Byung Wook Yun
Kyungpook National University, South Korea
Byung-Wook Yun has completed his PhD jointly at Kyungpook National University (KNU) and Korea Research Institute of Bioscience & Biotechnology (KRIBB) in 1998, investigating the function of plant peroxidases. He completed his Post-doctoral and senior research fellowship at the University of Edinburgh (UK), studying Nitric Oxide (NO) signaling in plant immune system, mentored by Professor Gary Loake. Currently he is working as an Associate Professor of the School of Applied Biosciences at KNU. His Plant Functional Genomics Lab is focusing on NO-mediated plant defense system toward both biotic and abiotic stresses using transcriptomics approaches.
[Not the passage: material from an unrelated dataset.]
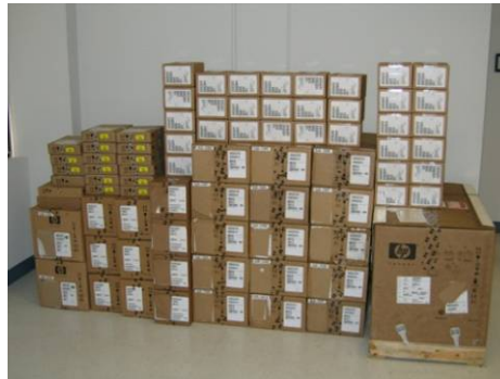
Figure 3B: The HP boxes after we brought them up to our lab.
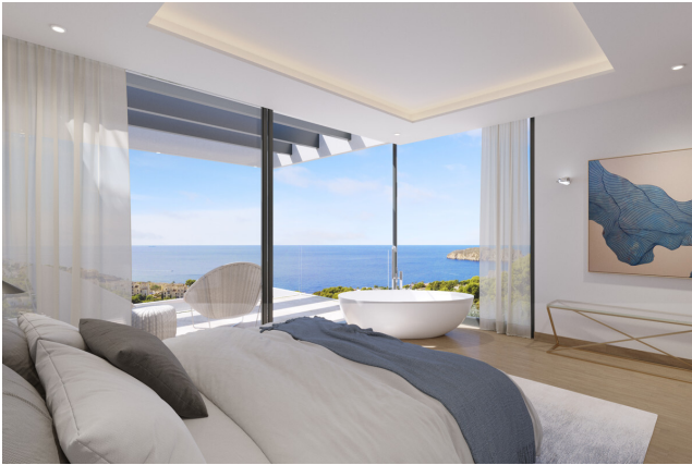
Villa Santa Ponsa

Forest trees, including poplar, have evolved to overcome harsh environmental conditions including drought stress. Populus trichocarpa has been studied as a model poplar species through biomolecular approaches and is the first tree species to be genome sequenced. In contrast, the genome of P. davidiana, the Korean aspen, has not been sequenced and is considered highly tolerant to drought stress. In this study, we used high throughput RNA-Seq mediated leaf transcriptome analysis to investigate the response of 4 different P. davidiana cultivars to drought stress. Based upon preliminary studies including H2O2 measurements and histological staining, the cultivars were divided into two major groups “drought-tolerant (Seogwang9, Palgong2)” and “drought-susceptible (Palgong1, Junguk6-2)”. P. davidiana plants grown on MS (Murashige and Skoog) media for 8 weeks were air-dried for 10 minutes and leaves were harvested for transcriptome analysis along with untreated control samples. Following RNA-Seq, we compared the transcriptome profiles between the two groups for DEGs (Differentially Expressed Gene), GO (Gene Ontology) enrichment analysis, and identified common drought stress marker genes. Further analysis identified two distinct DEGs with contrasting expression patterns in the drought-sensitive and tolerant groups i.e. up-regulated in the drought-tolerant group while down-regulated in the sensitive group. BLAST analysis showed that both these genes encode 9-cis-epoxycarotenoid dioxygenase (NCED), a key enzyme required for ABA biosynthesis. This suggests a significant role of these two genes in conferring drought tolerance to P. davidiana cultivars in the drought-tolerant group. This study presents the first evidence of a significant role of NCED genes in regulating ABA-dependent drought stress responses in P. davidiana as it has already been shown that NCED regulate ABA-dependent drought adaptation via mRNA de-capping machinery in certain varieties of some plant species. We therefore, suggest the utility of these genes as genetic markers for differentiating drought tolerant and sensitive poplar cultivars.